PROBLEM DESCRIPTION
Could you write out, exactly and with no pictures, every line from the one containing "Paloma D’Auria presents" through the last line of the entries?
Start of DATA EXTRACT
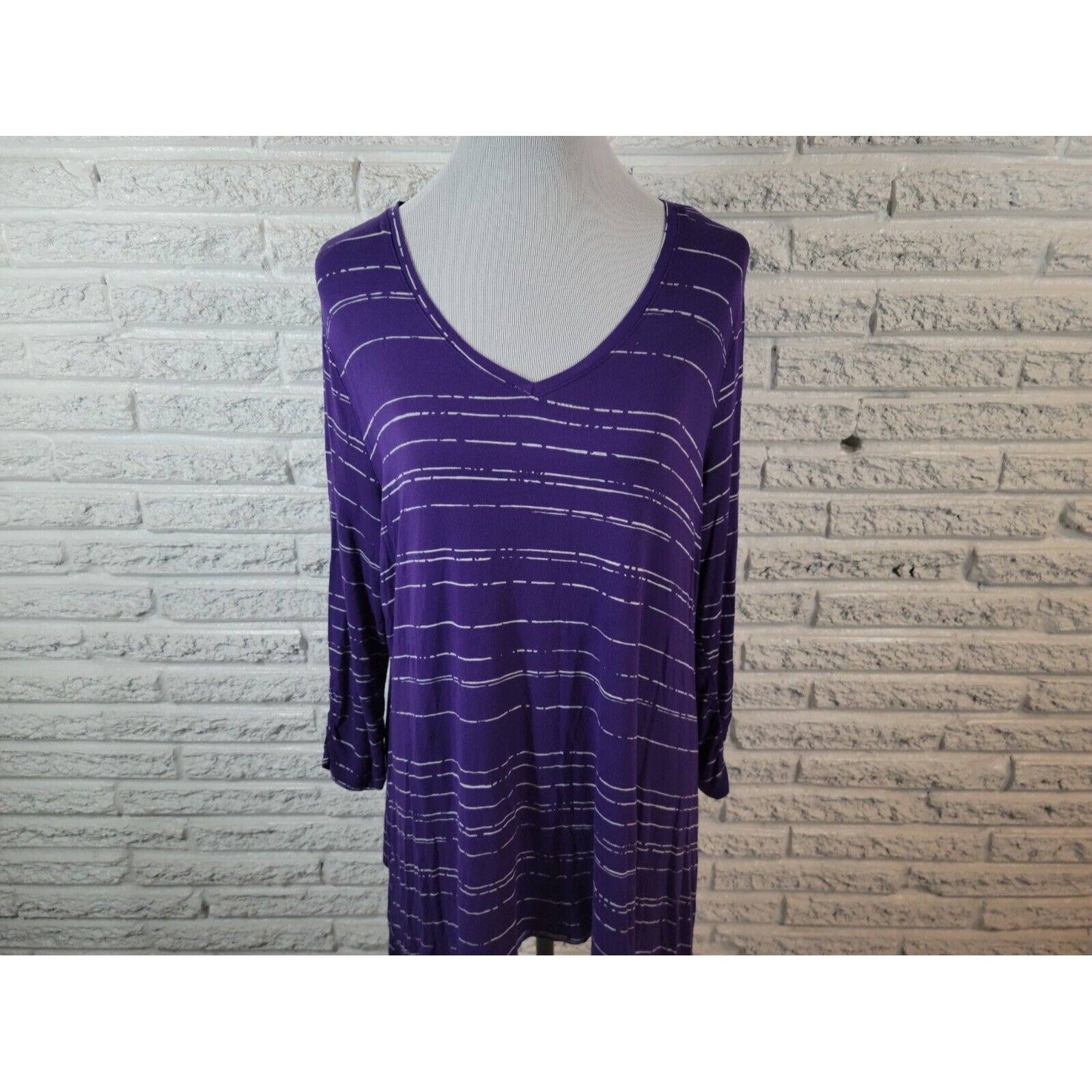 Apt 9 Women Top Extra Large XL Tee Tunic 3/4 Sleeve Asymmetric Shark Bite Purple
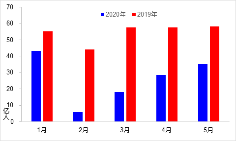 1-5月,完成營業性客運量31.6億人,同比下降56.9%。其中,公路營業性客運量下降57.3%、水路客運量下降59.0%。
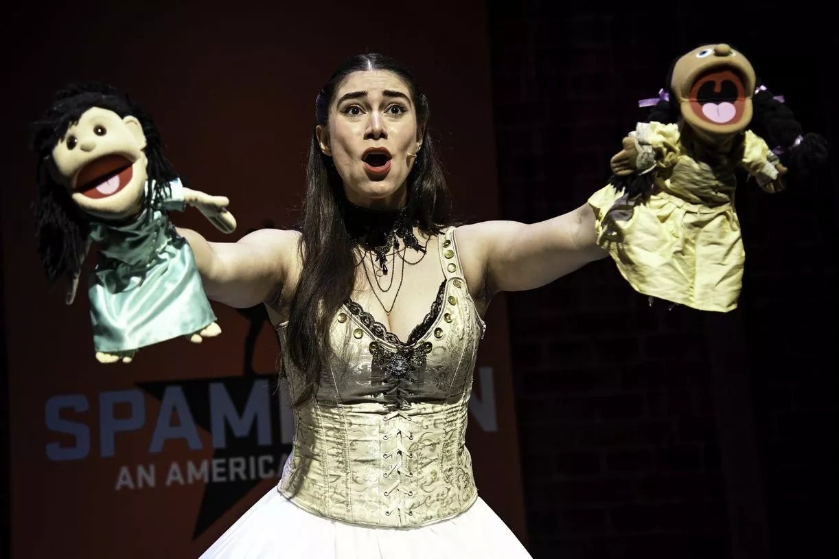 Paloma D’Auria presents a puppet performance as the Leading Ladies in an Avenue Q-inspired spoof in the Broadway musical parody Spamilton: An American Parody.
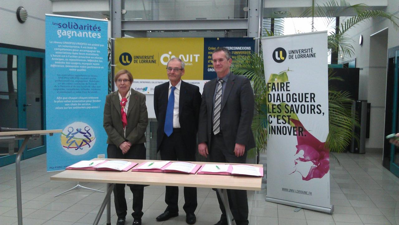 L'Université de Lorraine, représentée par son président Pierre Mutzenhardt et François Laurent, président de la Fondation de l’Université NIT- et l’URIOPSS - représentée par sa présidente Jocelyne Muller- ont signé lundi 10 février un accord cadre de partenariat. Ensemble, ces partenaires s’unissent pour créer le projet SAILOR (Santé Autonomie Innovation en LORraine). Au travers d’une convention, conclue pour une durée initiale de trois ans, ce projet d’envergure affiche une ambition claire pour 2023 : permettre à aux lorrains de vivre dans les meilleures conditions et avec la plus grande autonomie possible, et dans ce cadre :
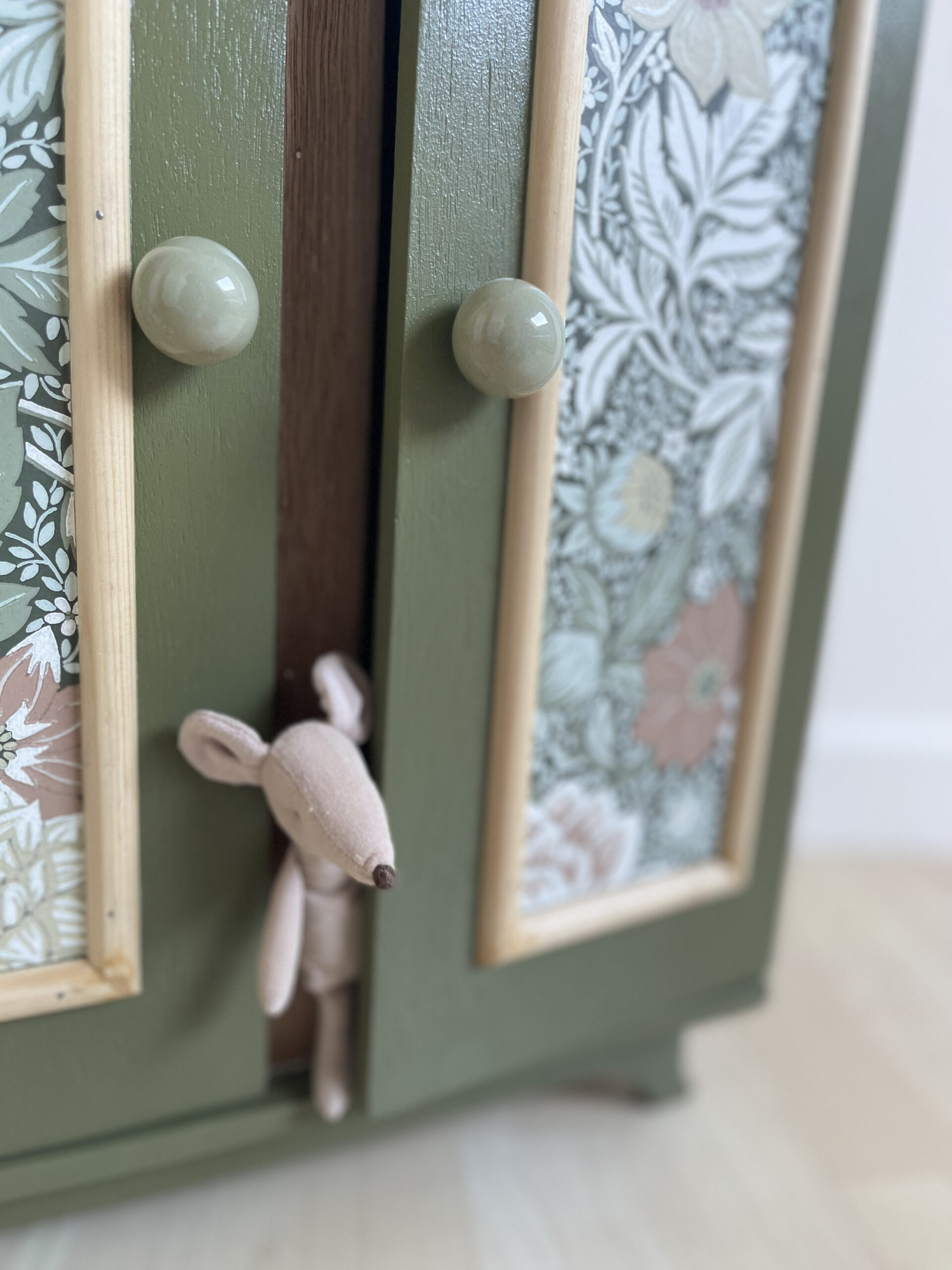 Des baguettes on été rajoutées sur les portes afin de donner du cachet à cette armoirette.
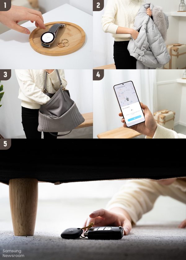ในทางกลับกัน บางทีเรามักลืมว่าวางสมาร์ทโฟนไว้ที่ไหนของบ้าน จะโทรเข้าก็ดันปิดเสียงเอาไว้อีก ซึ่งตัวช่วยที่จะทำให้ทุกอย่างง่ายขึ้นคือการเชื่อมต่อ SmartTag ไว้กับสมาร์ทโฟน เพราะมีฟีเจอร์ ‘Locate smartphone with Tag’ ที่สามารถกดปุ่มบนSmartTag สองครั้ง เพื่อให้สมาร์ทโฟนเครื่องดังกล่าวส่งเสียง แล้วตามหาเจอในที่สุด
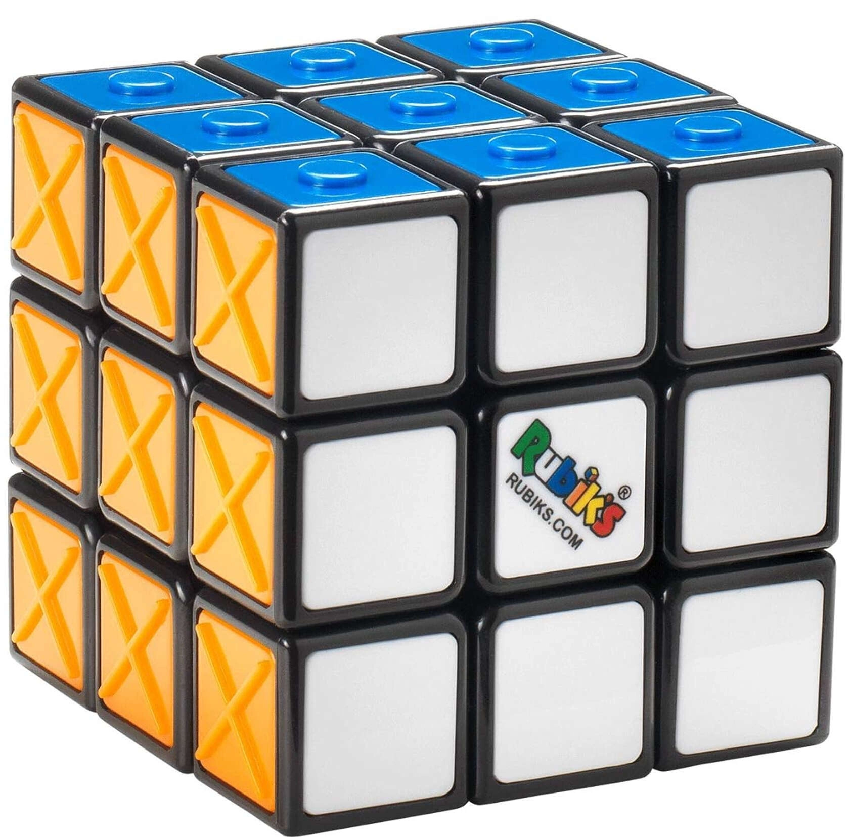 El Cubo de Rubik 3x3 Rubik’s Sensory Cube ofrece el legendario rompecabezas en una forma accesible con patrones en relieve en cada color. Las texturas —puntos (amarillo), cuadrados (rojo), círculos sólidos (azul), anillos (verde), cruces (naranja) y liso (blanco)— permiten distinguir las caras también por el tacto.
End of DATA EXTRACT
RESPONSE TO THE TASK
 Paloma D’Auria presents a puppet performance as the Leading Ladies in an Avenue Q-inspired spoof in the Broadway musical parody Spamilton: An American Parody.
 L'Université de Lorraine, représentée par son président Pierre Mutzenhardt et François Laurent, président de la Fondation de l’Université NIT- et l’URIOPSS - représentée par sa présidente Jocelyne Muller- ont signé lundi 10 février un accord cadre de partenariat. Ensemble, ces partenaires s’unissent pour créer le projet SAILOR (Santé Autonomie Innovation en LORraine). Au travers d’une convention, conclue pour une durée initiale de trois ans, ce projet d’envergure affiche une ambition claire pour 2023 : permettre à aux lorrains de vivre dans les meilleures conditions et avec la plus grande autonomie possible, et dans ce cadre :
 Des baguettes on été rajoutées sur les portes afin de donner du cachet à cette armoirette.
ในทางกลับกัน บางทีเรามักลืมว่าวางสมาร์ทโฟนไว้ที่ไหนของบ้าน จะโทรเข้าก็ดันปิดเสียงเอาไว้อีก ซึ่งตัวช่วยที่จะทำให้ทุกอย่างง่ายขึ้นคือการเชื่อมต่อ SmartTag ไว้กับสมาร์ทโฟน เพราะมีฟีเจอร์ ‘Locate smartphone with Tag’ ที่สามารถกดปุ่มบนSmartTag สองครั้ง เพื่อให้สมาร์ทโฟนเครื่องดังกล่าวส่งเสียง แล้วตามหาเจอในที่สุด
 El Cubo de Rubik 3x3 Rubik’s Sensory Cube ofrece el legendario rompecabezas en una forma accesible con patrones en relieve en cada color. Las texturas —puntos (amarillo), cuadrados (rojo), círculos sólidos (azul), anillos (verde), cruces (naranja) y liso (blanco)— permiten distinguir las caras también por el tacto.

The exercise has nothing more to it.